■ AIM OF THE EXERCISE
Only certain lines below are wanted: those starting at the line containing "2d CAD drawing" and ending at the line containing "ابن عفان رضى", both included, each retyped exactly.

■ RECORDS SUPPLIED
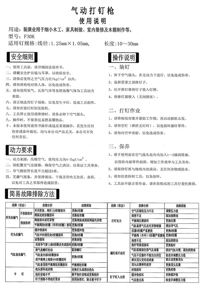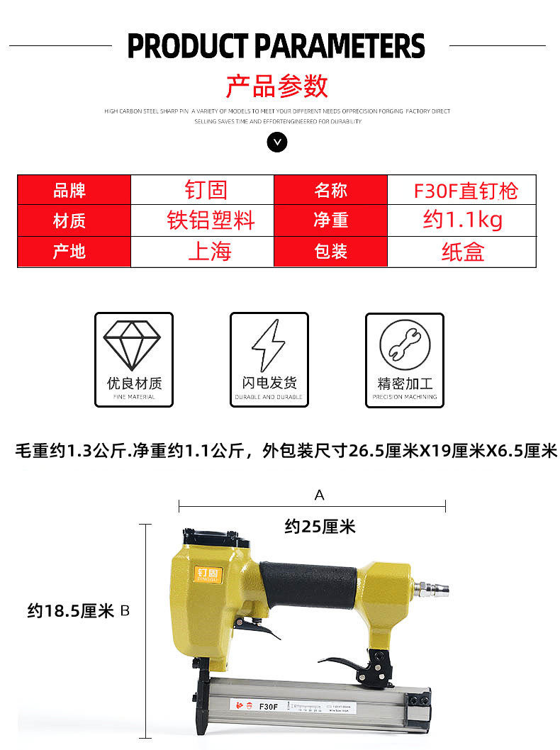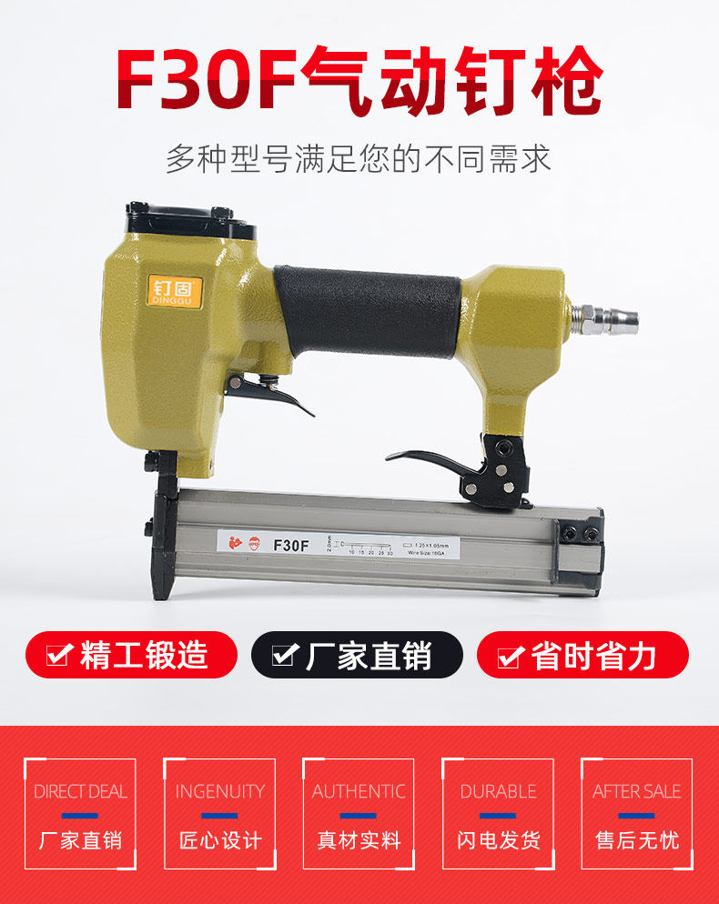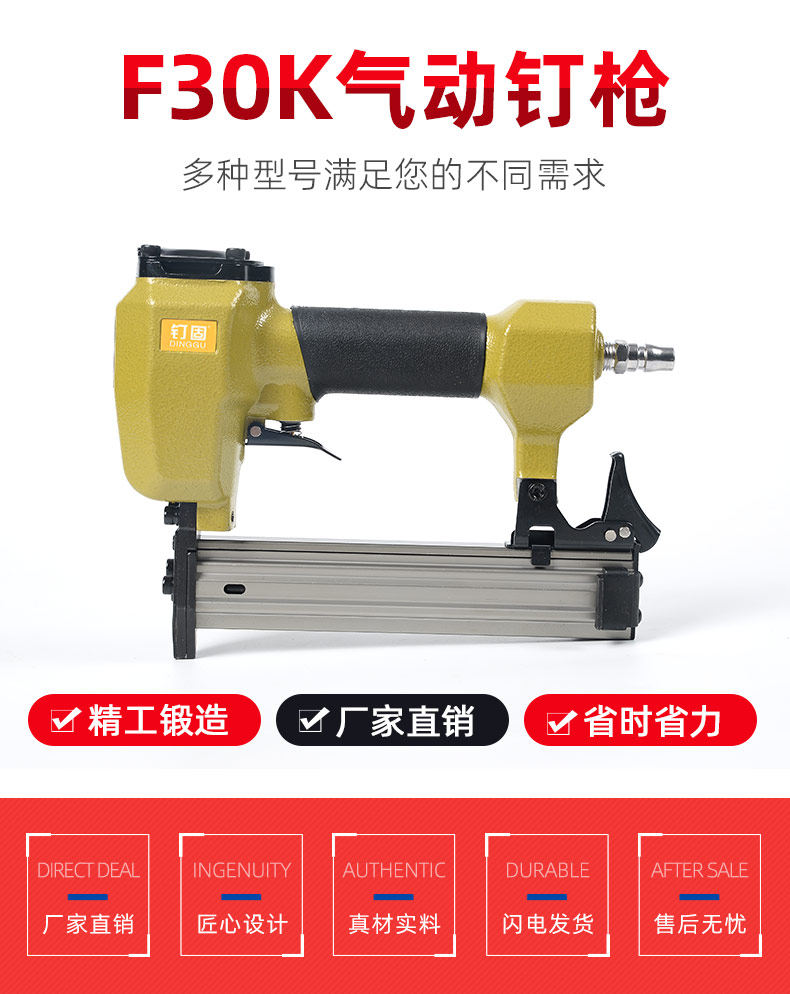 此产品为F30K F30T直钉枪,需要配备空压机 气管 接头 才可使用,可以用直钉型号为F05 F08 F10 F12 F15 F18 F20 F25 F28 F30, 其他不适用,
--
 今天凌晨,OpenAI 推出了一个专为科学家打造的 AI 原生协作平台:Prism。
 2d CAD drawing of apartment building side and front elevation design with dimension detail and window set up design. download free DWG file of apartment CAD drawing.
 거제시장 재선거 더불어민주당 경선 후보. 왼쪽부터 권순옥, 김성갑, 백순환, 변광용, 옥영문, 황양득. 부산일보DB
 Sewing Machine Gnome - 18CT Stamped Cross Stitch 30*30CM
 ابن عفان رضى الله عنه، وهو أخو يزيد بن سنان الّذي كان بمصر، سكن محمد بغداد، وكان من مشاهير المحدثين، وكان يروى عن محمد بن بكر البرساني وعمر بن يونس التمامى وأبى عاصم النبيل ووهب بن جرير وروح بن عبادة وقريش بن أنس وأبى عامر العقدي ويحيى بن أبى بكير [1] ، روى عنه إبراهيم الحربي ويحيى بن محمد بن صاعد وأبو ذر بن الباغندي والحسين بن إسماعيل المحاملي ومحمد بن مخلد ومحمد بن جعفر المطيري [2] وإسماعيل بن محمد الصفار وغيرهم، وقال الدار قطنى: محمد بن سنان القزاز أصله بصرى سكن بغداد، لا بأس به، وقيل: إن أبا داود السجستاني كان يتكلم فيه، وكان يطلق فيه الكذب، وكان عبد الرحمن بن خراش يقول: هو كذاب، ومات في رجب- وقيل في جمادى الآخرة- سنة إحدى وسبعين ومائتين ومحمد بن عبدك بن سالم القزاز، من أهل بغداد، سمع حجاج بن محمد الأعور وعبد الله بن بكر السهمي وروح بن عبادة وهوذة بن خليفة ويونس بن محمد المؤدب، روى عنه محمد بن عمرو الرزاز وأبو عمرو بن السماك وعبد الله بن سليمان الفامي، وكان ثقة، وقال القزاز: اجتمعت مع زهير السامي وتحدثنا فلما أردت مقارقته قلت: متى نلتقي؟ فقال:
...
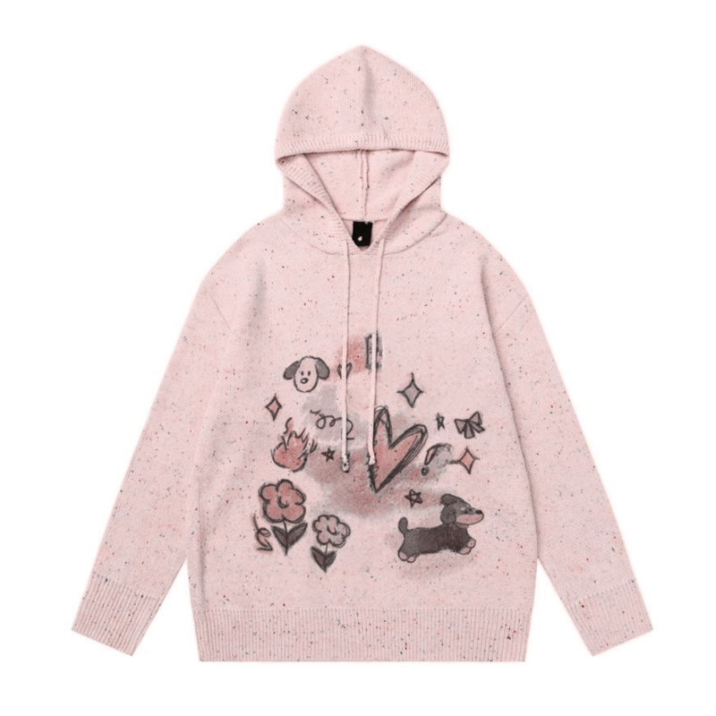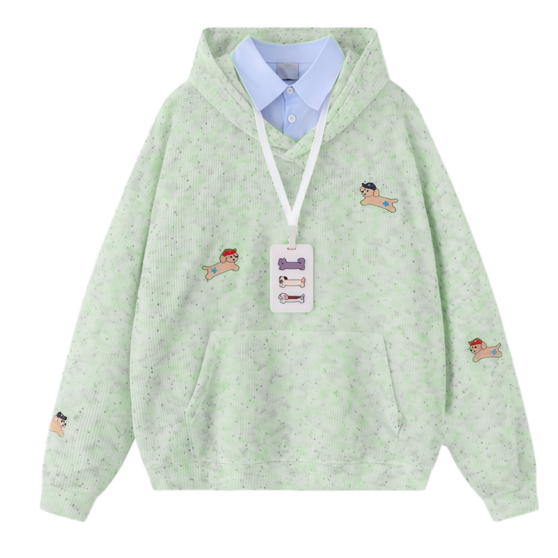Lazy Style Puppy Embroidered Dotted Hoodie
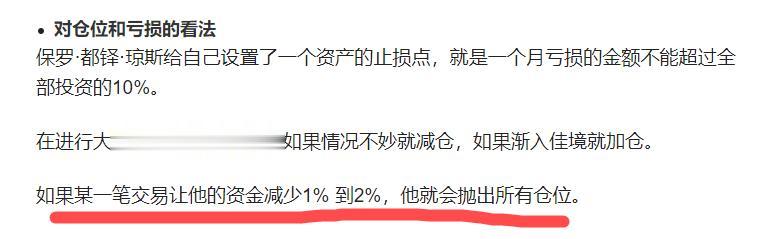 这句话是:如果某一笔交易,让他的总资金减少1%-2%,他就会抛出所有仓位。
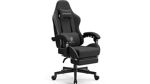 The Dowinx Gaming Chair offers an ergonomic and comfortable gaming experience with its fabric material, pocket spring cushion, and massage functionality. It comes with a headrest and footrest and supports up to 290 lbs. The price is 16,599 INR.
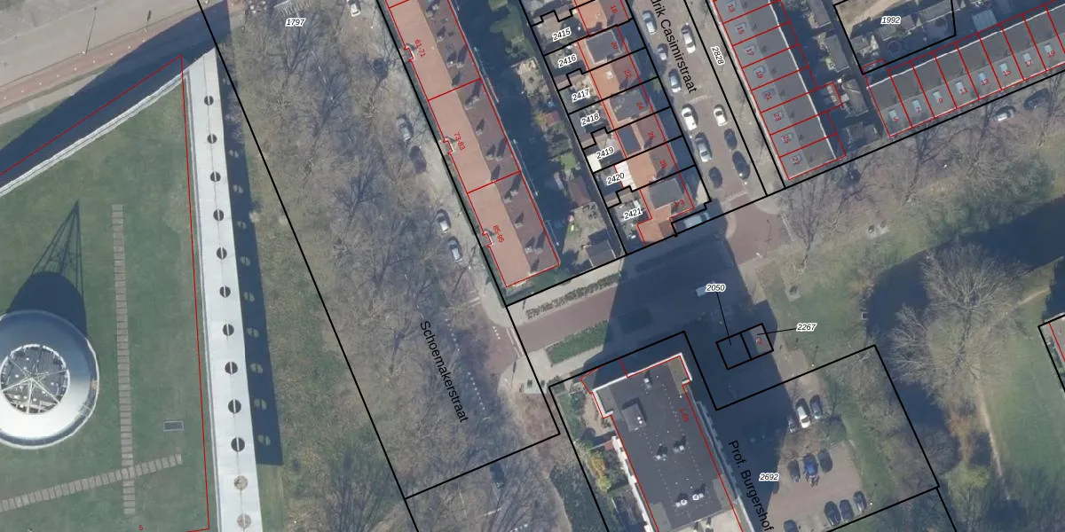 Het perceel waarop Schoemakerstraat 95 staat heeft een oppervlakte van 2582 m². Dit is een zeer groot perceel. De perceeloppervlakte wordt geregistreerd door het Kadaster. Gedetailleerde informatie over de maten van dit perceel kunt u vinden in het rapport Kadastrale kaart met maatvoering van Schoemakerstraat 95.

■ ANSWER BOX
 2d CAD drawing of apartment building side and front elevation design with dimension detail and window set up design. download free DWG file of apartment CAD drawing.
 거제시장 재선거 더불어민주당 경선 후보. 왼쪽부터 권순옥, 김성갑, 백순환, 변광용, 옥영문, 황양득. 부산일보DB
 Sewing Machine Gnome - 18CT Stamped Cross Stitch 30*30CM
 ابن عفان رضى الله عنه، وهو أخو يزيد بن سنان الّذي كان بمصر، سكن محمد بغداد، وكان من مشاهير المحدثين، وكان يروى عن محمد بن بكر البرساني وعمر بن يونس التمامى وأبى عاصم النبيل ووهب بن جرير وروح بن عبادة وقريش بن أنس وأبى عامر العقدي ويحيى بن أبى بكير [1] ، روى عنه إبراهيم الحربي ويحيى بن محمد بن صاعد وأبو ذر بن الباغندي والحسين بن إسماعيل المحاملي ومحمد بن مخلد ومحمد بن جعفر المطيري [2] وإسماعيل بن محمد الصفار وغيرهم، وقال الدار قطنى: محمد بن سنان القزاز أصله بصرى سكن بغداد، لا بأس به، وقيل: إن أبا داود السجستاني كان يتكلم فيه، وكان يطلق فيه الكذب، وكان عبد الرحمن بن خراش يقول: هو كذاب، ومات في رجب- وقيل في جمادى الآخرة- سنة إحدى وسبعين ومائتين ومحمد بن عبدك بن سالم القزاز، من أهل بغداد، سمع حجاج بن محمد الأعور وعبد الله بن بكر السهمي وروح بن عبادة وهوذة بن خليفة ويونس بن محمد المؤدب، روى عنه محمد بن عمرو الرزاز وأبو عمرو بن السماك وعبد الله بن سليمان الفامي، وكان ثقة، وقال القزاز: اجتمعت مع زهير السامي وتحدثنا فلما أردت مقارقته قلت: متى نلتقي؟ فقال:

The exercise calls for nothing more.